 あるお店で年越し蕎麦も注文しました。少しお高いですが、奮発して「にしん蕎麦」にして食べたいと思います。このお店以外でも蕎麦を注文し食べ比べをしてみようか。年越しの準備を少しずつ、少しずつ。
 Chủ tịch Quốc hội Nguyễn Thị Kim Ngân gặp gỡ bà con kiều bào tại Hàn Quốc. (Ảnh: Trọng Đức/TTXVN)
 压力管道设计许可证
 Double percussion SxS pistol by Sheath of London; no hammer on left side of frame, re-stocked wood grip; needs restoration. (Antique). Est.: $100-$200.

+---+

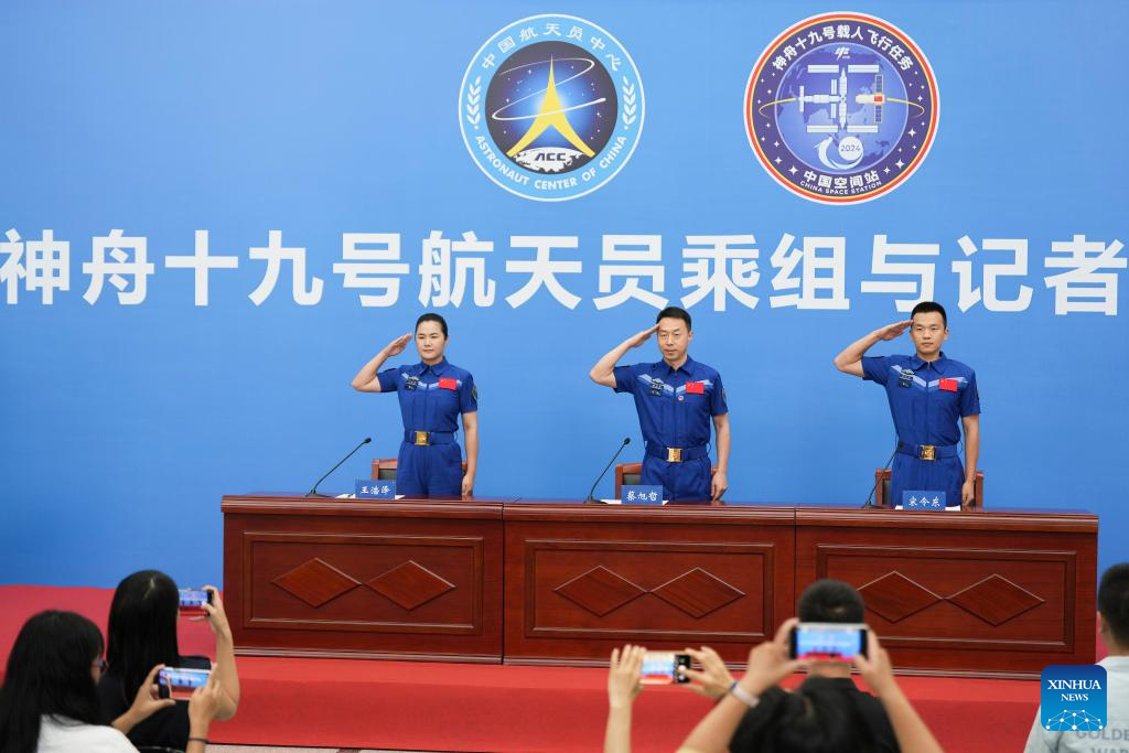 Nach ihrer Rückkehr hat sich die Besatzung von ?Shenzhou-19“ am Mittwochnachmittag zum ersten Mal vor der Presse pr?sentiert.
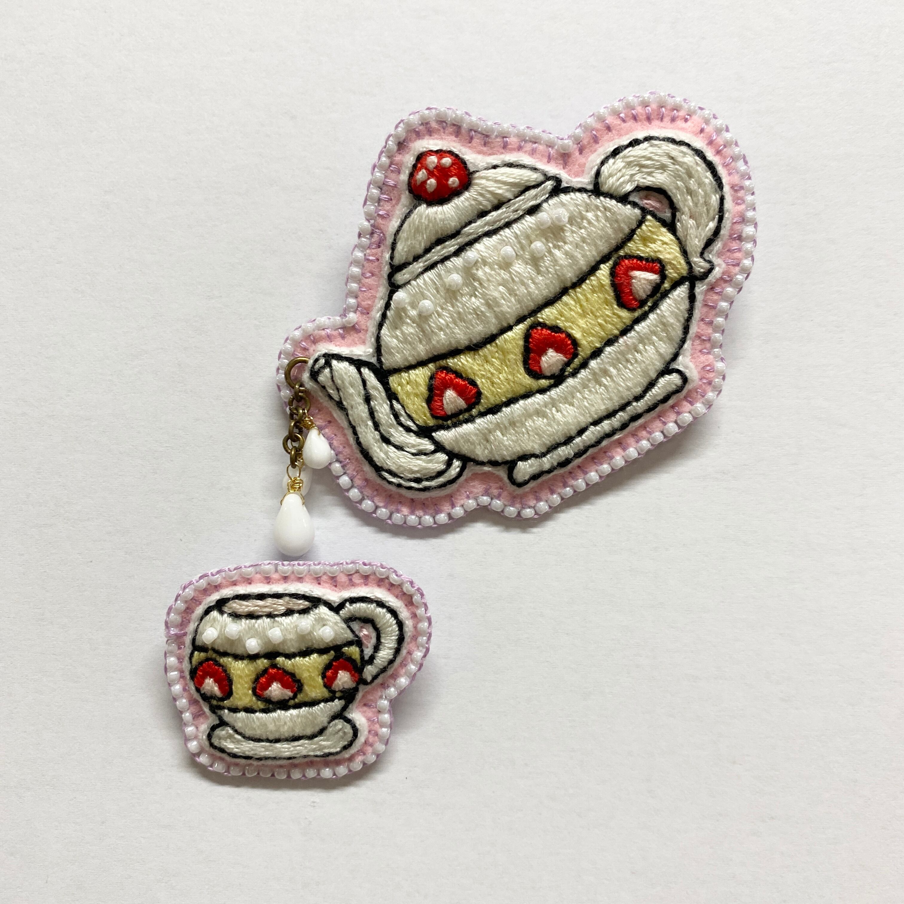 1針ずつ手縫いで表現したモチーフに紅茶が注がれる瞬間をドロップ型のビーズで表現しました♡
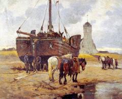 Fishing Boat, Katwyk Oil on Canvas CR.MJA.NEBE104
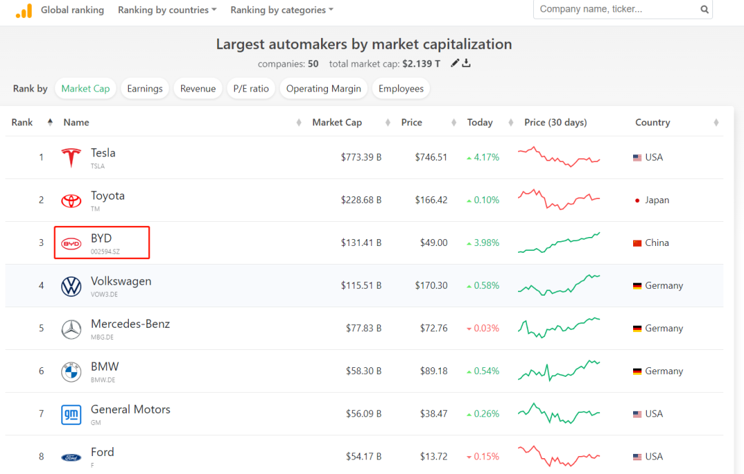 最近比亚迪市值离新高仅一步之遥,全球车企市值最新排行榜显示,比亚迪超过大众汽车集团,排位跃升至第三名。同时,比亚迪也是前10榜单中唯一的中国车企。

+---+

Task prompt ▸ Exactly the lines above from the one that contains "Nach ihrer Rückkehr" down to the one that contains "最近比亚迪市值离新高仅一步之" are to be output, both ends kept and pictures omitted.

Answer space ▸
 Nach ihrer Rückkehr hat sich die Besatzung von ?Shenzhou-19“ am Mittwochnachmittag zum ersten Mal vor der Presse pr?sentiert.
 1針ずつ手縫いで表現したモチーフに紅茶が注がれる瞬間をドロップ型のビーズで表現しました♡
 Fishing Boat, Katwyk Oil on Canvas CR.MJA.NEBE104
 最近比亚迪市值离新高仅一步之遥,全球车企市值最新排行榜显示,比亚迪超过大众汽车集团,排位跃升至第三名。同时,比亚迪也是前10榜单中唯一的中国车企。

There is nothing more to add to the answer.